The problem with the presumption that the owner was the driver is that it eliminates the presumption of innocence and shifts the burden of proof from that required by the rules of criminal procedure. This violates the rule in Hoben that an ordinance cannot provide less procedural protection to the person charged than would be available if the person were *584 charged under the Act. 256 Minn. at 444, 98 N.W.2d at 819.

The state argues that the ordinance meets Hoben's requirements and does not conflict with the Act because the rules of criminal procedure are applicable to both a charge under the ordinance and one under the Act. The state also cites to the court of appeals decision in State v. Eakins for the proposition that the presumption in the ordinance could not violate principles of criminal law because a petty misdemeanor is not within the definition of a crime under the criminal code. 720 N.W.2d 597, 601 (Minn.App.2006) (citing Minn.Stat. § 609.02, subd. 1 (2006), which defines a "crime" as "conduct which is prohibited by statute and for which the actor may be sentenced to imprisonment, with or without a fine").

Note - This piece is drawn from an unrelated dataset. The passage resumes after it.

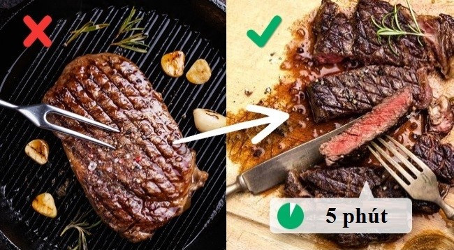 Dù có quá đói hay bị hấp dẫn bởi món ăn, bạn cũng nên kiên nhẫn chờ khoảng vài phút sau khi nấu chín thịt. Điều đó sẽ giúp bạn cảm nhận được hết hương vị thơm ngon của thịt.

Regardless of whether petty misdemeanors are considered to be "crimes" under the criminal code, the rules of criminal procedure specifically apply to petty misdemeanors. Minn. R.Crim. P. 1.01. And those rules require that a defendant be "presumed innocent until proven guilty beyond a reasonable doubt." Minn. R.Crim. P. 23.05, subd. 3. Thus, in any prosecution under the Act, the state has the burden to prove beyond a reasonable doubt that the owner was driving at the time of the red-light offense, and the owner has no obligation to prove anything.

On the other hand, section 474.660 of the ordinance requires the owner to rebut the presumption that he or she was the driver, or face liability as the owner. Therefore the ordinance provides less procedural protection to a person charged with an ordinance violation than is provided to a person charged with a violation of the Act. Accordingly, the ordinance conflicts with the Act and is invalid.

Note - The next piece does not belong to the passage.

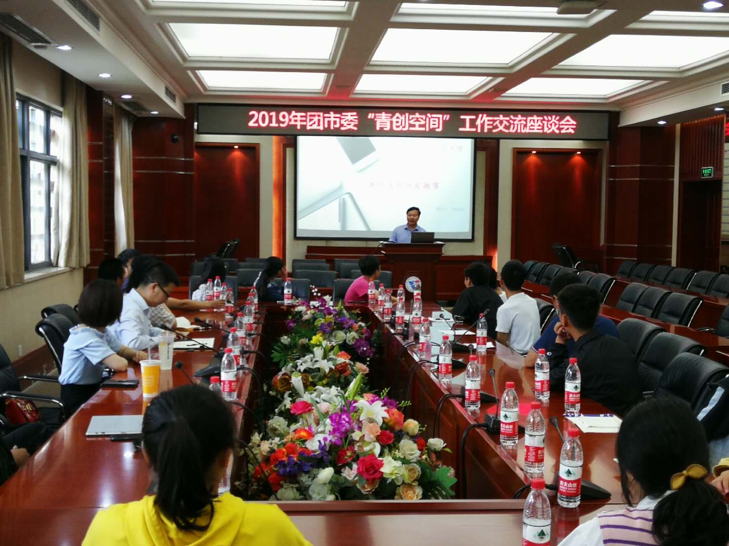 随后在博润厅举行座谈,首先团市委和学校就体制机制、服务平台等相关政策给企业和学生进行了宣讲;然后由3家企业代表给与会人员对各自企业发展及加盟合作方式进行了路演;随后创业学生代表向团市委、企业代表、学校提出关于在创业和创新技能大赛中存在的问题进行咨询,企业代表曾一度被学生的问题密集式“轰炸”,座谈会持续一个半小时,会场气氛热烈。

The state argues that even if section 474.660 is invalid because it creates a presumption that the owner is the driver, that section can be severed and the owner may still be held liable under section 474.640. But, as we discussed above, section 474.640 is itself in conflict with state law because it imposes liability on owners who would not be liable under the Act. Thus we need not analyze the question of severance because it would not alter the outcome in this case.

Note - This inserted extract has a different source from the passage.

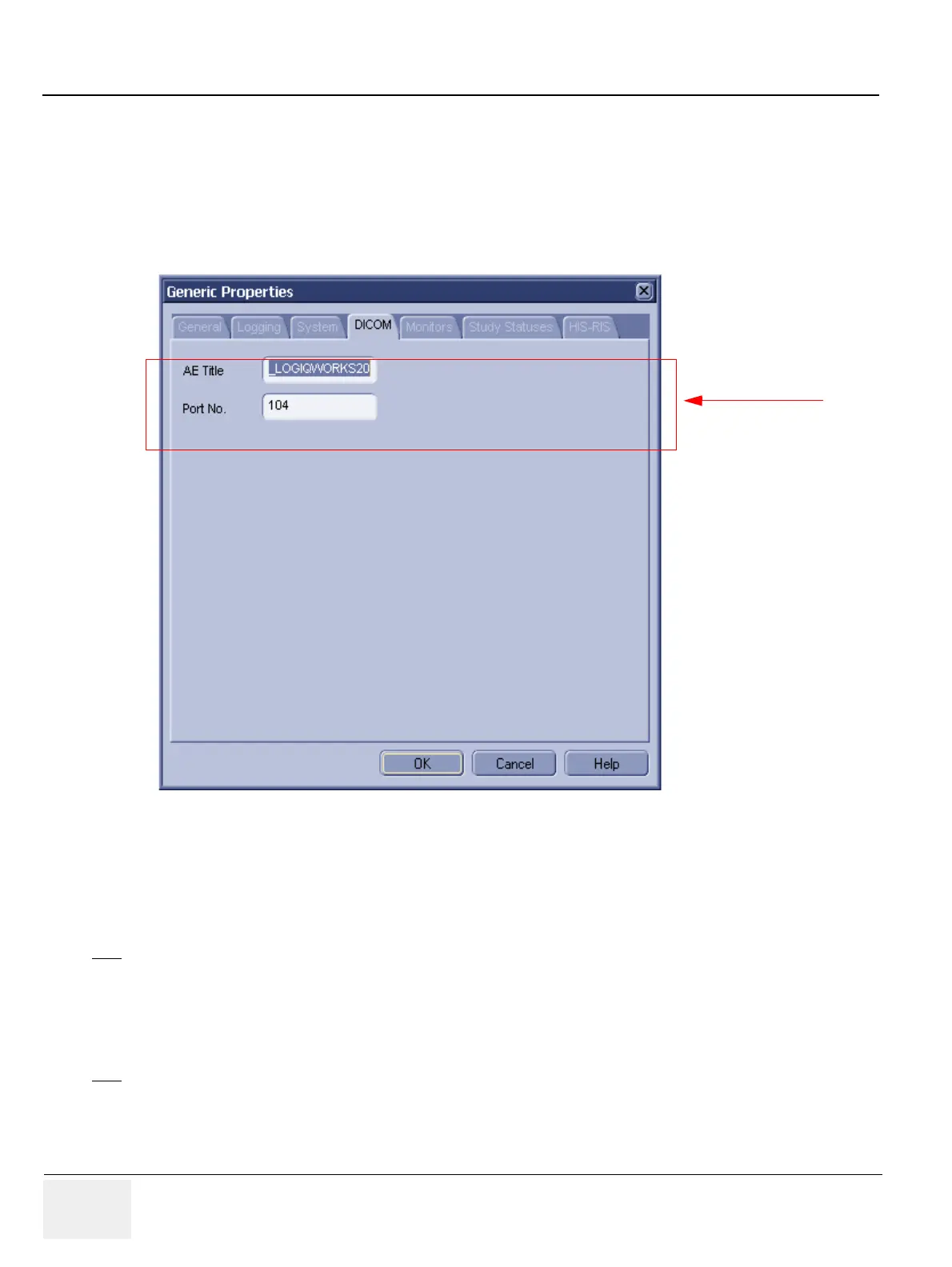• Port No.: Socket port number for the DICOM services provided by this system. The Port Number

The state argues that there are compelling public safety considerations that underlie the ordinance, citing that numerous accidents occur as a result of red-light violations and they often lead to "serious injuries, death, extensive property damage and high insurance costs." Our decision is not meant to minimize those considerations, but only to clarify that they are not relevant to a preemption analysis and are most appropriately addressed to the legislature.

We hold that Minneapolis Code of Ordinances sections 474.620 to 474.670 are invalid because they are in conflict with the Act, and specifically with Minn.Stat. § 169.06, subd. 4(a), and Minn.Stat. § 169.022.

Affirmed.

PAGE, J., took no part in the consideration or decision of this case.